Com profunda consternação é que observo que esse influxo de inveja fez amarelar o Ministério Público que ao retroceder, inconscientemente, (prefiro recorrer à figura do eufemismo), abre mão de uma conquista histórica que se acha grafada na Constituição Federal há mais de vinte anos: A AUTONOMIA.

A demonização do Ministério Público é proporcional à deificação do Judiciário. Talvez seja a lógica hegueliana : não existe bem sem mal, yang sem ying,, senhores e escravos, opressores e oprimidos, comandantes e comandados, susseranos e vassalos, ou num linguajar bem coloquial: “alguém tem que pagar o pato”. Pena que a ave seja o Ministério Público. Pobre demiurgo é o MP.

O que pode acontecer se trocarmos os ATS pelo super, hiper, mega projeto de reestruturação? O Governo pode soltar  um pouco mais de linha para que a pipa alce vôos centímetros acima da planície, sob os olhares atentos do Parlamento que possui afiado cerol para cortar o nosso orçamento, para isso existem emendas aditivas e supressivas.

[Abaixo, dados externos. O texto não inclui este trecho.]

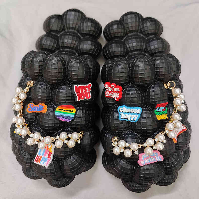 Slipper Bubble Slides with Charms for Women Fashion Pearl Chain Inspirational Quotes Sandals 2022 Summer House Slippers Platform Shoes 0729, Free size
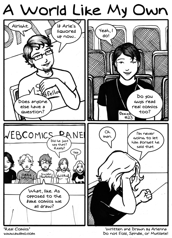 Last on the panel is the lovely Leah of Willrad fame, who we mentioned last comic. The girl combines an amazingly clever sense of humor, a very pretty face, and some serious talent.

A crônica, com a devida vênia, aqui vale o prolóquio “mutatis mutandis”, pelo amor de Deus, me faz lembrar conto de NELSON RODRIGUES, no livro “A CABRA VADIA” sobre a morte de um cachorro vira-lata:

“Lembro-me de uma crônica que li não sei onde, nem sei quando.Escapa-me também o nome do autor. Se não me engano, era brasileiro. Não, não era brasileiro. E o assunto era a influência da distância nas leis da emoção. Vejamos o que dizia o cronista. Dizia que um atropelamento de cachorro na nossa porta, pelo fato de ser na nossa porta, teria mais apelo emocional do que Hiroshima.

Sabemos que, em Hiroshima, morreu um mundo e nasceu outro. A criança de lá passou a ser cancerosa antes do parto. Mas há entre nós e Hiroshima, entre nós e Nagasaki, toda uma distância infinita, espectral. Sem contar, além da distância geográfica, a distância auditiva da língua. Ao passo que o cachorro é atropelado nas nossas barbas traumatizadas. E mais: - nós o conhecíamos de vista, de cumprimento. Na época própria, víamos o brioso vira-lata atropelar as cachorras locais. Em várias oportunidades, ele lambera nossas botas.

E, além disso, vimos tudo. Vimos quando o automóvel o pisou. Vimos também os arrancos triunfais do cachorro atropelado. Portanto, essa proximidade valorizou o fato, confere ao fato uma densidade insuportável. A morte do simples vira-lata dá-nos uma relação direta com a catástrofe. Ao passo que Hiroshima, ou o Vietnã, tem, como catástrofe, o defeito da distância”.

Genial. Como esse Nelson faz falta!

Disseram-me, não sei onde, mas acho que ouvi. Aliás, ouvi que não será garantido orçamento para pagamento dos ATS, no próximo ano (que forma mais elegante de descumprir as decisões do CNMP!), só assim, a reestruturação do Ministério Público desempaca. 

Não assino qualquer manifesto que ponha em xeque a autonomia do Ministério Público. Prefiro, em nome de minha instituição não me submeter a vergonha da escolha. Prefiro a derrota no tablado, a ganhar por W.O.

 
 

(*) Luís Laércio Fernandes Melo é Promotor de Justiça em Fortaleza.